Cambio Climático: el desafío mayor
Consenso generalizado y contingencia nacional
Pocos dudan hoy de que el Cambio Climático sea una consecuencia de la concentración de gases de efecto invernadero emitida por la acción humana; de hecho, el último informe del Panel Intergubernamental sobre el Cambio Climático (IPCC) pasó de señalar que esto era “probable” (2001) a “muy probable” (2007). Desde el año 1900 el planeta ha aumentado su temperatura promedio en 0,7 ºC y continuará aumentando en las próximas décadas debido a las emisiones pasadas.
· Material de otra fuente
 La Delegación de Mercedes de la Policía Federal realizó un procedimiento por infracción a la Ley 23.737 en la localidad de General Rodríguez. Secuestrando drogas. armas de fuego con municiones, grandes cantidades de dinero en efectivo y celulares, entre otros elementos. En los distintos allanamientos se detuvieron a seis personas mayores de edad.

Con la tendencia actual se espera que la temperatura promedio suba entre 2 – 3 ºC dentro de los próximos 50 años, pudiendo incluso superar los 5 ºC para el final de siglo si las emisiones continúan aumentando, lo cual se tornaría prácticamente inmanejable con migraciones a gran escala y numerosas pérdidas de vidas humanas.
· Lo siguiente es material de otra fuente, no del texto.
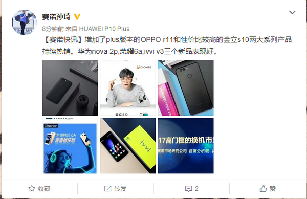 赛诺表示,增加了Plus版本的OPPO R11和性价比较高的金立S10两大系列产品持续热销。华为nova 2 Plus、荣耀6A、ivvi V3三款新品表现好。由此不难看出,这几款新机在市场中很受用户青睐,其中ivvi V3则是刚上市不久的一款产品。

Aunque aún existe cierto grado de incerteza respecto a la tesis del ser humano como conductor del cambio climático, parece bastante razonable, considerando toda la evidencia recopilada hasta hoy, basarse en un principio precautorio y tomar medidas conducentes a mitigar las emisiones de gases de efecto invernadero y adaptar las diversas sociedades ante los sombríos escenarios venideros. No obstante, amparados en una “duda razonable”, diversos grupos científicos, políticos y económicos abogan por seguir con nuestro actual modelo de producción. Sin ir más lejos, La Tercera (25 de marzo) intenta reavivar el debate entre ciencia y cambio climático (aunque más parece una defensa corporativa de las generadoras eléctricas). La editorial de Cristián Bofill señala que “resulta necesario que los expertos aborden el debate con herramientas técnicas ajenas a todo ideologismo y funden sus argumentos en la evidencia adecuadamente procesada”. Pero esto es precisamente la tarea que el IPCC viene desarrollando desde 1988. Imagine usted el esfuerzo que significa el poner de acuerdo en las conclusiones de cada informe a miles de científicos y representantes de distintos países con culturas e ideologías tan diversas. Bofill no sólo entra a este debate 25 años tarde sino que además basa su juicio en opiniones ad hoc para su postura, que fueron vertidas por la Dra. María Teresa Ruiz (premio nacional de ciencias) en Tolerancia Cero (17 de marzo) que, en mi opinión, son más intuitivas que científicas y ya han sido retrucadas por científicos y centros de estudios nacionales dedicados al seguimiento de este fenómeno como el Center for Climate and Resilience Research de la Universidad de Chile y el Centro del Cambio Global de la Universidad Católica, entre otros (El Mostrador, 25 de marzo).
Un acuerdo que no llega
Desde una perspectiva económica, el cambio climático puede definirse como la mayor falla de mercado que el mundo haya visto, toda vez que las emisiones de gases de efecto invernadero son una externalidad negativa, es decir, nuestras emisiones afectan las vidas de los demás y cuando la gente no paga por las consecuencias de sus acciones transfiere ese costo al resto de la población.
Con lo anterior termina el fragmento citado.